━━━━━ GIVEN INFORMATION

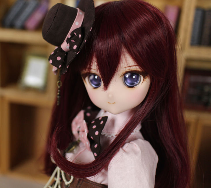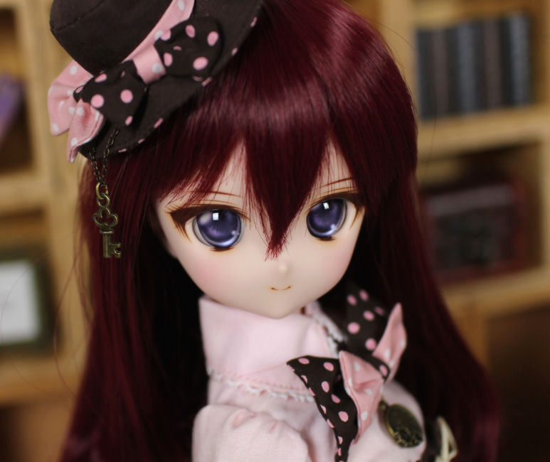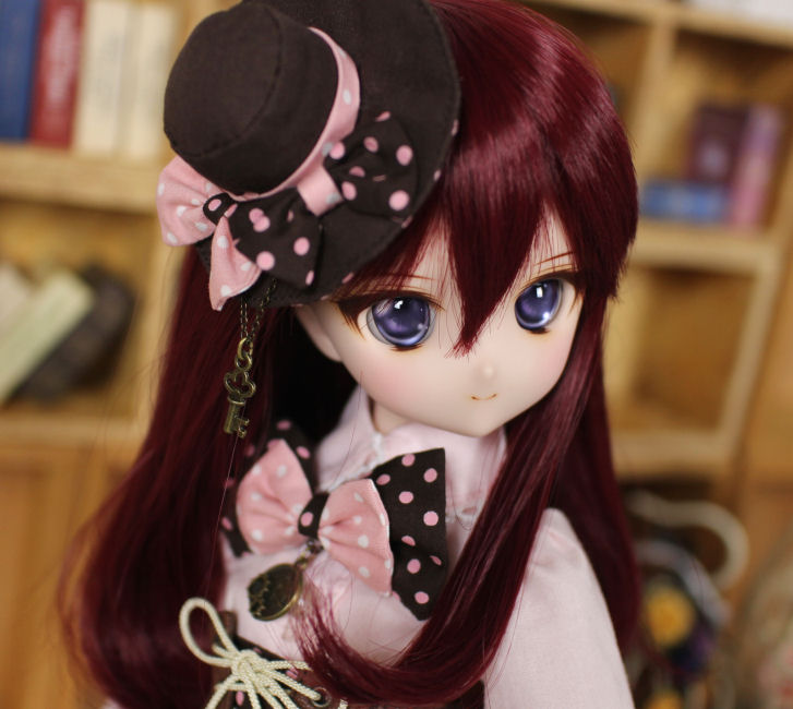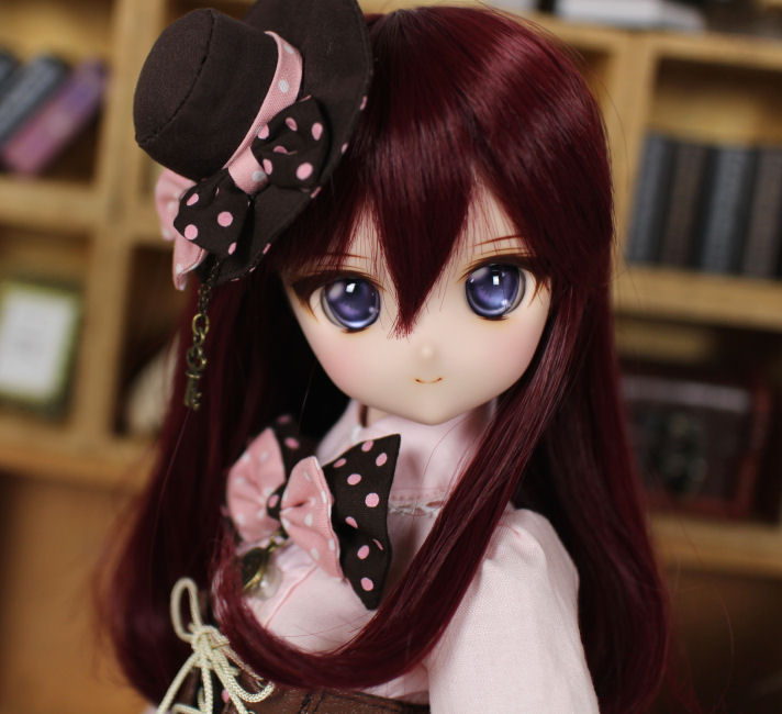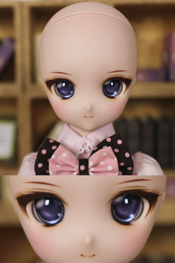 27ヘッドでツリ目+にっこり口にしてみました。悪だくみをしていそう? 削りはしていません。 アイは自作レジンアイの長06 鈍色(にびいろ)22mmです。
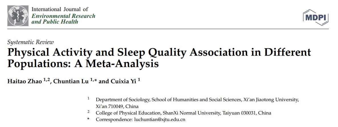1月20日,德赢教师在读博士赵海涛副教授在《International Journal of Environmental Research and Public Health》学术期刊上发表的论文“Physical Activity and Sleep Quality Association in Different Populations: A Meta-Analysis”(期刊影响因子4.614),被JCR分区SSCI(Q1)收录。该论文运用Meta分析研究方法发现不同人群身体活动与睡眠质量之间的关系;身体活动对睡眠质量的整体效应无明显的统计学意义,中低强度的身体活动对睡眠质量影响显著,而高强度的身体活动对睡眠质量的影响不显著。儿童与中老年通过身体活动可以改善睡眠质量。在身体活动干预实施过程中,通常可以采用太极拳、瑜伽、八段锦等干预内容。(院研究生部供稿)
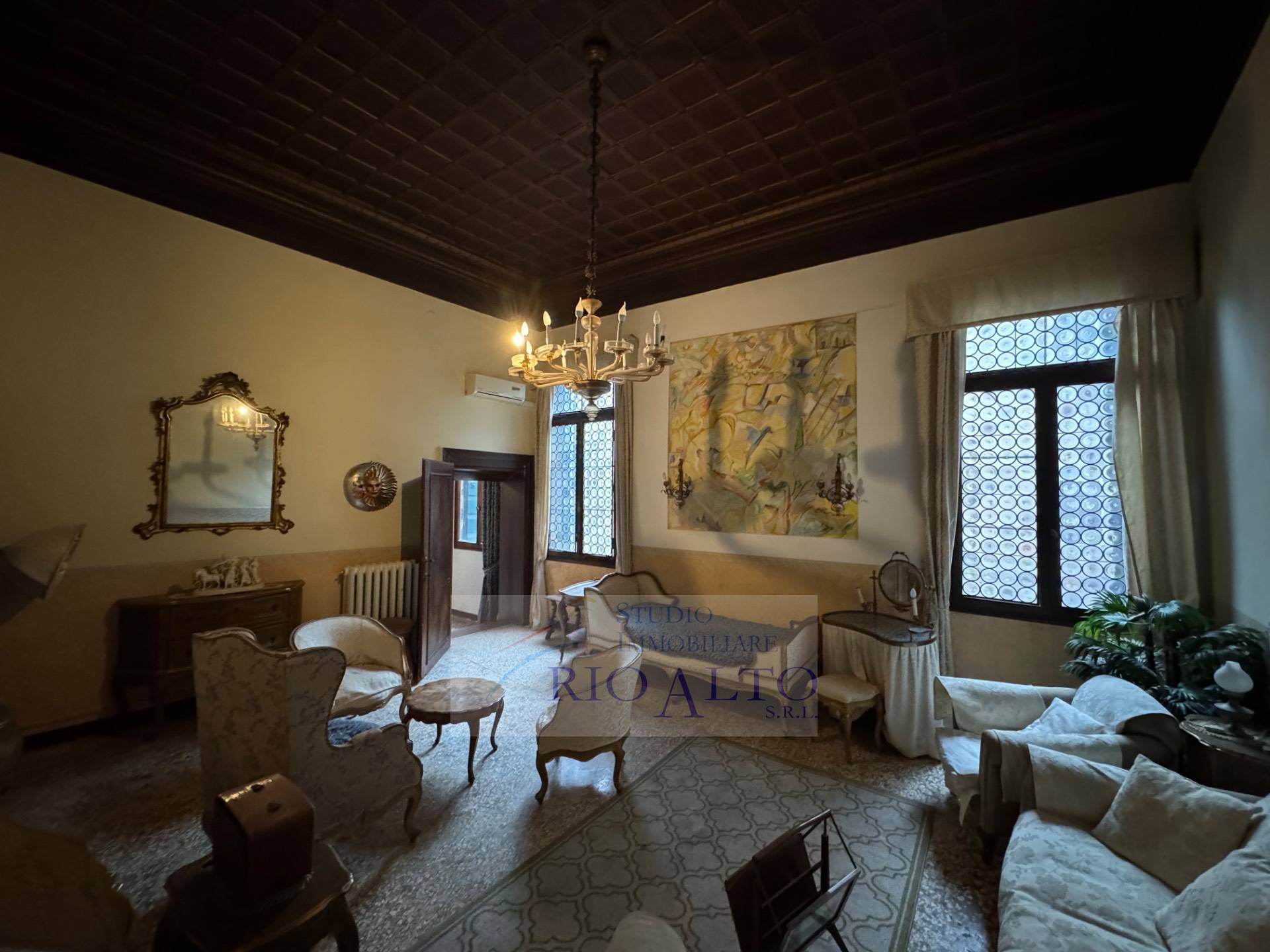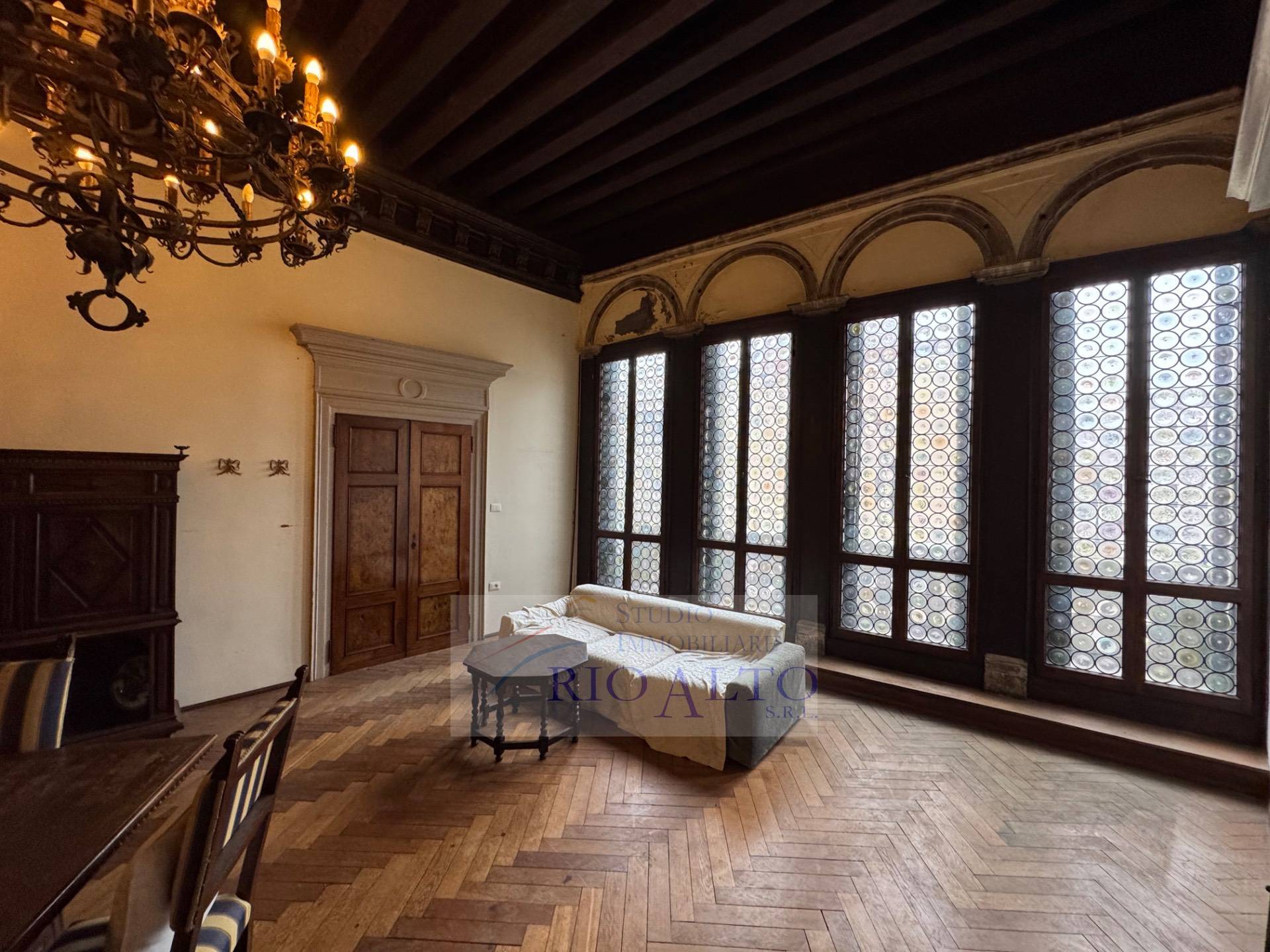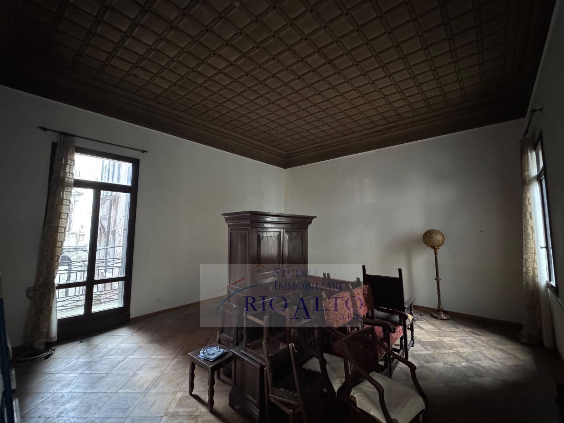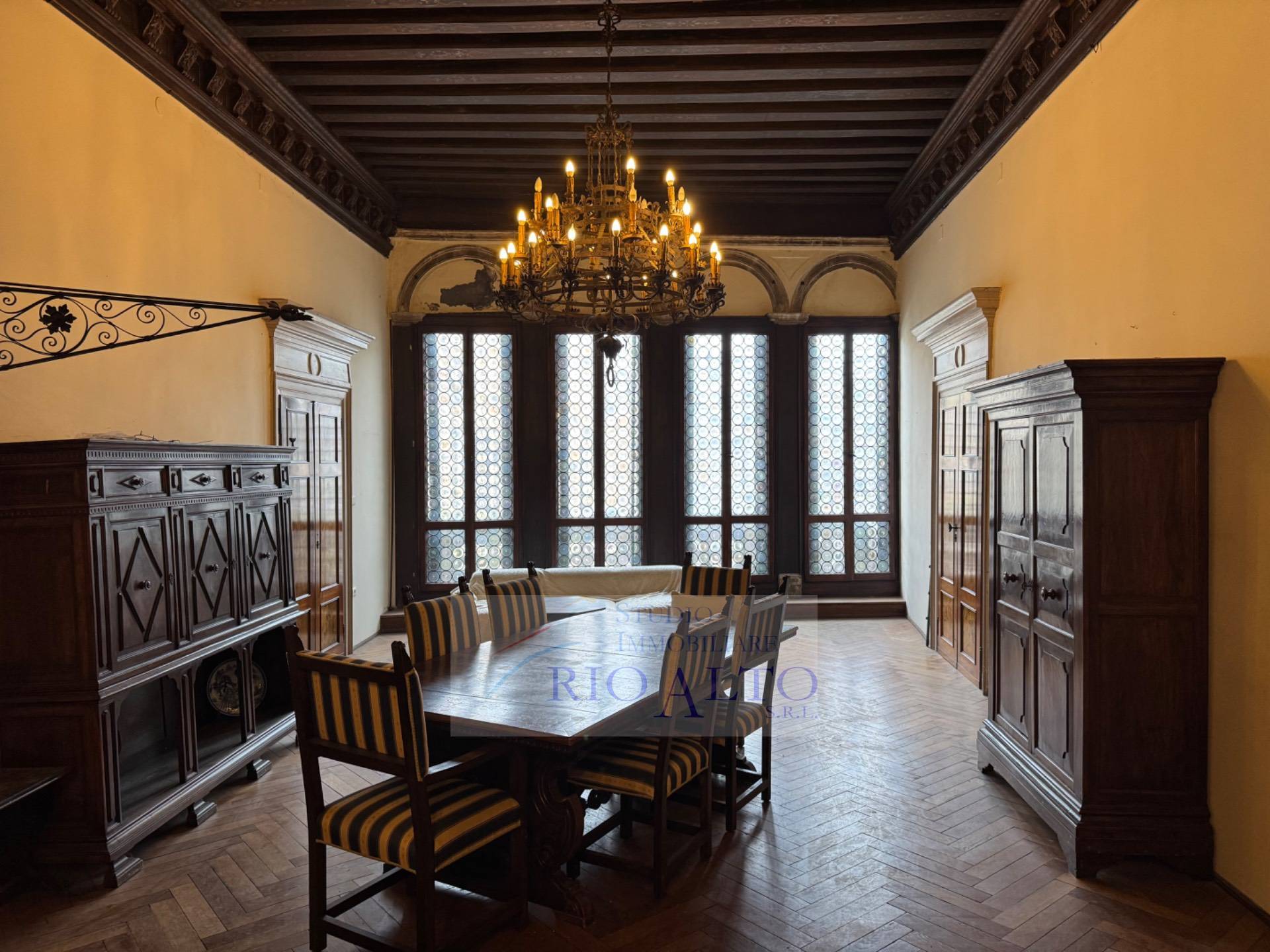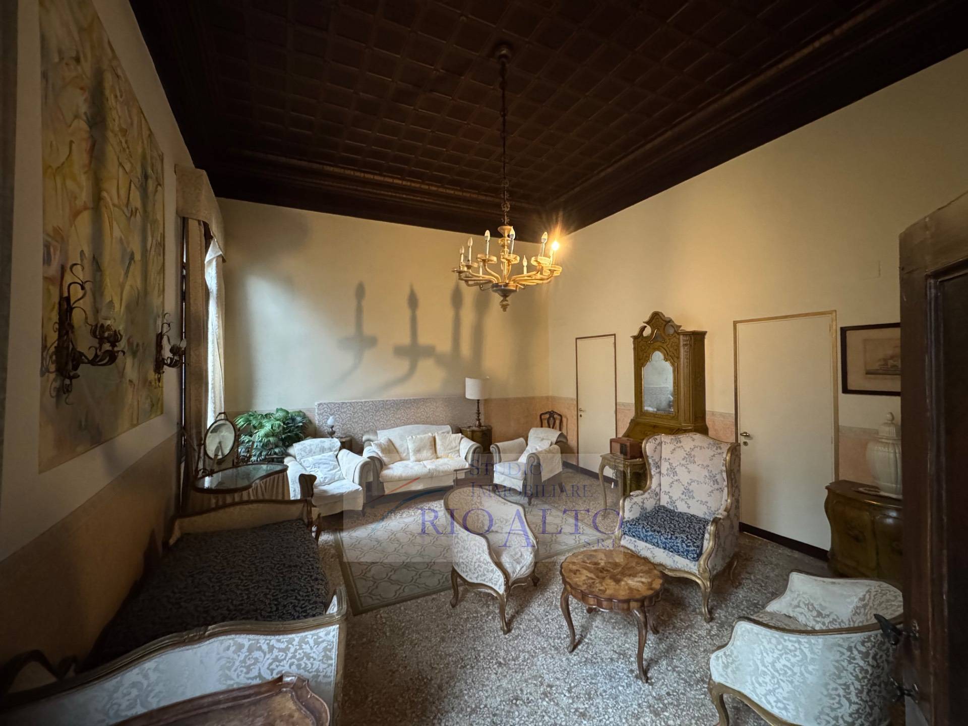 l'ingresso - al primo piano dopo aver percorso l'androne molto raffinato e le scale molto comode - si trova direttamente sul maestoso salone centrale, di ampie dimensioni, con travatura a vista a 4,60 metri di altezza, finemente decorata, fantastici lampadari ai soffitti, una quadrifora con uscita sulla terrazzina che affaccia sul campo e su canale.

━━━━━━━━━━

» ASSIGNMENT: Reproduce the data above in full, exactly as it is, with the pictures left out.

» PROBLEM SOLUTION:
 27ヘッドでツリ目+にっこり口にしてみました。悪だくみをしていそう? 削りはしていません。 アイは自作レジンアイの長06 鈍色(にびいろ)22mmです。
1月20日,德赢教师在读博士赵海涛副教授在《International Journal of Environmental Research and Public Health》学术期刊上发表的论文“Physical Activity and Sleep Quality Association in Different Populations: A Meta-Analysis”(期刊影响因子4.614),被JCR分区SSCI(Q1)收录。该论文运用Meta分析研究方法发现不同人群身体活动与睡眠质量之间的关系;身体活动对睡眠质量的整体效应无明显的统计学意义,中低强度的身体活动对睡眠质量影响显著,而高强度的身体活动对睡眠质量的影响不显著。儿童与中老年通过身体活动可以改善睡眠质量。在身体活动干预实施过程中,通常可以采用太极拳、瑜伽、八段锦等干预内容。(院研究生部供稿)
 l'ingresso - al primo piano dopo aver percorso l'androne molto raffinato e le scale molto comode - si trova direttamente sul maestoso salone centrale, di ampie dimensioni, con travatura a vista a 4,60 metri di altezza, finemente decorata, fantastici lampadari ai soffitti, una quadrifora con uscita sulla terrazzina che affaccia sul campo e su canale.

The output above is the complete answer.